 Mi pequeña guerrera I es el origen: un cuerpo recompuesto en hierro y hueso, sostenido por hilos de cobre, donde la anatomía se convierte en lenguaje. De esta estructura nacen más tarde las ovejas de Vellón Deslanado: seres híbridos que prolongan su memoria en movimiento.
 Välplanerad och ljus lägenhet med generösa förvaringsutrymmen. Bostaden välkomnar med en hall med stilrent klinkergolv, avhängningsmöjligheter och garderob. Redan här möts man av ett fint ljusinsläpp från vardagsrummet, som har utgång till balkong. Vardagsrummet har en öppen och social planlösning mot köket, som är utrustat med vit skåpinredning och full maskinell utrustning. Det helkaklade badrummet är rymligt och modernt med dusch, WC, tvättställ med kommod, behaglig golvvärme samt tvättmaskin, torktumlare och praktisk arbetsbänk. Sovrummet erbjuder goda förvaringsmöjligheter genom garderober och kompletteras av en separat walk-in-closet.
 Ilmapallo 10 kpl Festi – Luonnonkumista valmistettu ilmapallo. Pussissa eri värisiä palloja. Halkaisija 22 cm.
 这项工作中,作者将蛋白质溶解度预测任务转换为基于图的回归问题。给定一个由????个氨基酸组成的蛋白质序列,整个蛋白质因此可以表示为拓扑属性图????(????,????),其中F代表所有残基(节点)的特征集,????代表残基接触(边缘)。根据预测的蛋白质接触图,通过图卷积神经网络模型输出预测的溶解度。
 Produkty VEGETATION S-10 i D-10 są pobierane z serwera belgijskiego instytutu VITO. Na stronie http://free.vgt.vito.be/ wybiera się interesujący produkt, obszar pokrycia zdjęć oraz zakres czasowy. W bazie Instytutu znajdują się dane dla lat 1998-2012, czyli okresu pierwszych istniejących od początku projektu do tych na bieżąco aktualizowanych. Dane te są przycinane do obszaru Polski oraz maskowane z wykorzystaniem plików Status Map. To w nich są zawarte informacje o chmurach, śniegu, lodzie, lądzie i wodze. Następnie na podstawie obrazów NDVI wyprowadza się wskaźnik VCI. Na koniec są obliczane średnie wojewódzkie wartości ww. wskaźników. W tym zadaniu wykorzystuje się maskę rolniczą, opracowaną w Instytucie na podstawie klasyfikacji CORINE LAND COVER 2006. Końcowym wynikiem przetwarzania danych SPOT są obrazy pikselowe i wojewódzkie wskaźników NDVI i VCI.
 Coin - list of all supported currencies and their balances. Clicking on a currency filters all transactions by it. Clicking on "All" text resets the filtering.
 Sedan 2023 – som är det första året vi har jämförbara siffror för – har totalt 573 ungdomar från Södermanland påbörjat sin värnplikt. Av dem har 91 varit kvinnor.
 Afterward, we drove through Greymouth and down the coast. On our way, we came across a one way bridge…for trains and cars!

> _Brief_
Each entry above is to be transcribed word for word.

> _Exercise result_
 Mi pequeña guerrera I es el origen: un cuerpo recompuesto en hierro y hueso, sostenido por hilos de cobre, donde la anatomía se convierte en lenguaje. De esta estructura nacen más tarde las ovejas de Vellón Deslanado: seres híbridos que prolongan su memoria en movimiento.
 Välplanerad och ljus lägenhet med generösa förvaringsutrymmen. Bostaden välkomnar med en hall med stilrent klinkergolv, avhängningsmöjligheter och garderob. Redan här möts man av ett fint ljusinsläpp från vardagsrummet, som har utgång till balkong. Vardagsrummet har en öppen och social planlösning mot köket, som är utrustat med vit skåpinredning och full maskinell utrustning. Det helkaklade badrummet är rymligt och modernt med dusch, WC, tvättställ med kommod, behaglig golvvärme samt tvättmaskin, torktumlare och praktisk arbetsbänk. Sovrummet erbjuder goda förvaringsmöjligheter genom garderober och kompletteras av en separat walk-in-closet.
 Ilmapallo 10 kpl Festi – Luonnonkumista valmistettu ilmapallo. Pussissa eri värisiä palloja. Halkaisija 22 cm.
 这项工作中,作者将蛋白质溶解度预测任务转换为基于图的回归问题。给定一个由????个氨基酸组成的蛋白质序列,整个蛋白质因此可以表示为拓扑属性图????(????,????),其中F代表所有残基(节点)的特征集,????代表残基接触(边缘)。根据预测的蛋白质接触图,通过图卷积神经网络模型输出预测的溶解度。
 Produkty VEGETATION S-10 i D-10 są pobierane z serwera belgijskiego instytutu VITO. Na stronie http://free.vgt.vito.be/ wybiera się interesujący produkt, obszar pokrycia zdjęć oraz zakres czasowy. W bazie Instytutu znajdują się dane dla lat 1998-2012, czyli okresu pierwszych istniejących od początku projektu do tych na bieżąco aktualizowanych. Dane te są przycinane do obszaru Polski oraz maskowane z wykorzystaniem plików Status Map. To w nich są zawarte informacje o chmurach, śniegu, lodzie, lądzie i wodze. Następnie na podstawie obrazów NDVI wyprowadza się wskaźnik VCI. Na koniec są obliczane średnie wojewódzkie wartości ww. wskaźników. W tym zadaniu wykorzystuje się maskę rolniczą, opracowaną w Instytucie na podstawie klasyfikacji CORINE LAND COVER 2006. Końcowym wynikiem przetwarzania danych SPOT są obrazy pikselowe i wojewódzkie wskaźników NDVI i VCI.
 Coin - list of all supported currencies and their balances. Clicking on a currency filters all transactions by it. Clicking on "All" text resets the filtering.
 Sedan 2023 – som är det första året vi har jämförbara siffror för – har totalt 573 ungdomar från Södermanland påbörjat sin värnplikt. Av dem har 91 varit kvinnor.
 Afterward, we drove through Greymouth and down the coast. On our way, we came across a one way bridge…for trains and cars!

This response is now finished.